### Work required
Skipping all images, output the listing word for word.

### Records provided
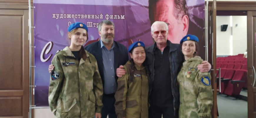 «На фото — слева направо - курсант Алина Матвеева. Рядом с Алиной стоит автор сценария, режиссёр и продюсер Олег Штром. А между Златой Григорьевой и Аришей Какашевой, исполнитель главной роли в фильме «С неба в бой» Михаил Жигалов», — рассказывают алтайцы. — «Огромное спасибо организаторам».
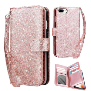 Glitter Sparkly Bling Cute Shiny PU Leather Flip Folio Wallet Cover with 9 Card Slots Wristlet
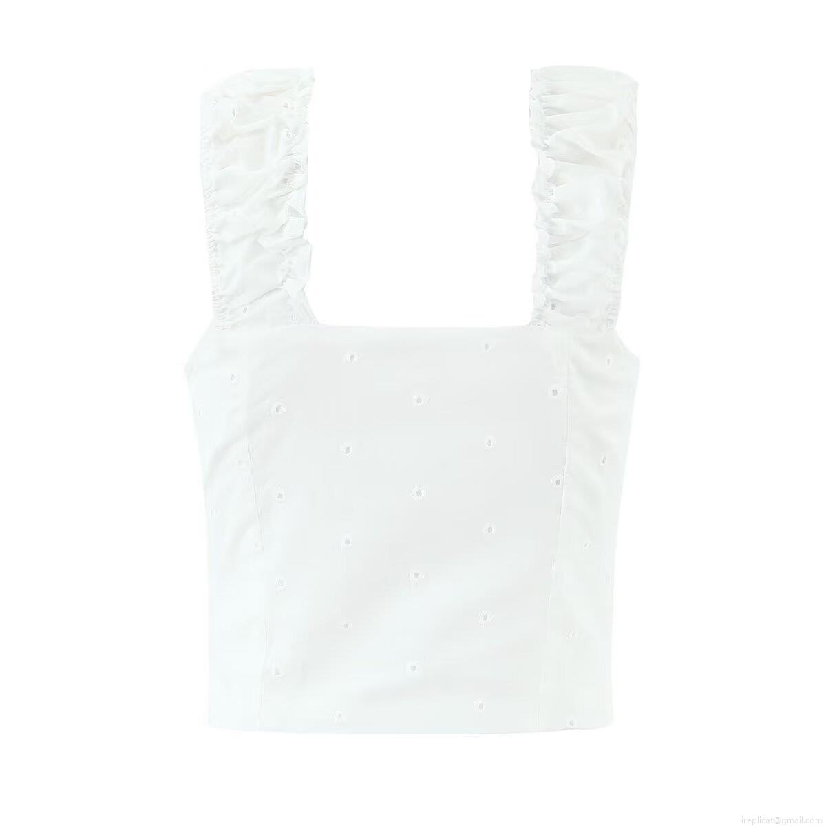 Women's Eyelet Embroidery 100% Cotton Camisole Top Square Neck Ruffle Strap Button Front Crop Tank Top Sexy Summer Streetwear For Women
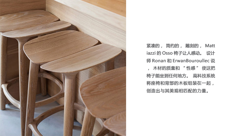 紧凑的,简约的,雕刻的,Mattiazzi的Osso椅子让人感动。设计师Ronan和ErwanBouroullec说,木材的质量和“性感”使这把椅子能坐到任何地方。高科技系统将座椅和背部的木板组装在一起,创造出与其美观相匹配的力量。Osso椅子是光滑的和雕刻的,就像一块骨头(意大利语“osso”)。这把椅子是通过工艺和精密加工与太阳能驱动设备相结合而制成的。没有化学物质被用来处理木材。可在黑色,蓝色,绿色,深灰色,粉红色,白色,天然灰烬和天然橡木。
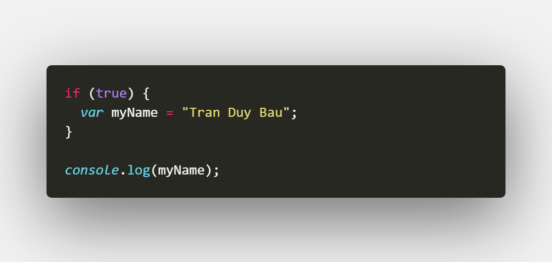 Như các bạn có thể thấy, biến myName lần này được đặt trong 1 câu if, nằm trong Global Scope, do đó ở Global Scope ta dễ dàng gọi biến và sử dụng.

### Your solution
 «На фото — слева направо - курсант Алина Матвеева. Рядом с Алиной стоит автор сценария, режиссёр и продюсер Олег Штром. А между Златой Григорьевой и Аришей Какашевой, исполнитель главной роли в фильме «С неба в бой» Михаил Жигалов», — рассказывают алтайцы. — «Огромное спасибо организаторам».
 Glitter Sparkly Bling Cute Shiny PU Leather Flip Folio Wallet Cover with 9 Card Slots Wristlet
 Women's Eyelet Embroidery 100% Cotton Camisole Top Square Neck Ruffle Strap Button Front Crop Tank Top Sexy Summer Streetwear For Women
 紧凑的,简约的,雕刻的,Mattiazzi的Osso椅子让人感动。设计师Ronan和ErwanBouroullec说,木材的质量和“性感”使这把椅子能坐到任何地方。高科技系统将座椅和背部的木板组装在一起,创造出与其美观相匹配的力量。Osso椅子是光滑的和雕刻的,就像一块骨头(意大利语“osso”)。这把椅子是通过工艺和精密加工与太阳能驱动设备相结合而制成的。没有化学物质被用来处理木材。可在黑色,蓝色,绿色,深灰色,粉红色,白色,天然灰烬和天然橡木。
 Như các bạn có thể thấy, biến myName lần này được đặt trong 1 câu if, nằm trong Global Scope, do đó ở Global Scope ta dễ dàng gọi biến và sử dụng.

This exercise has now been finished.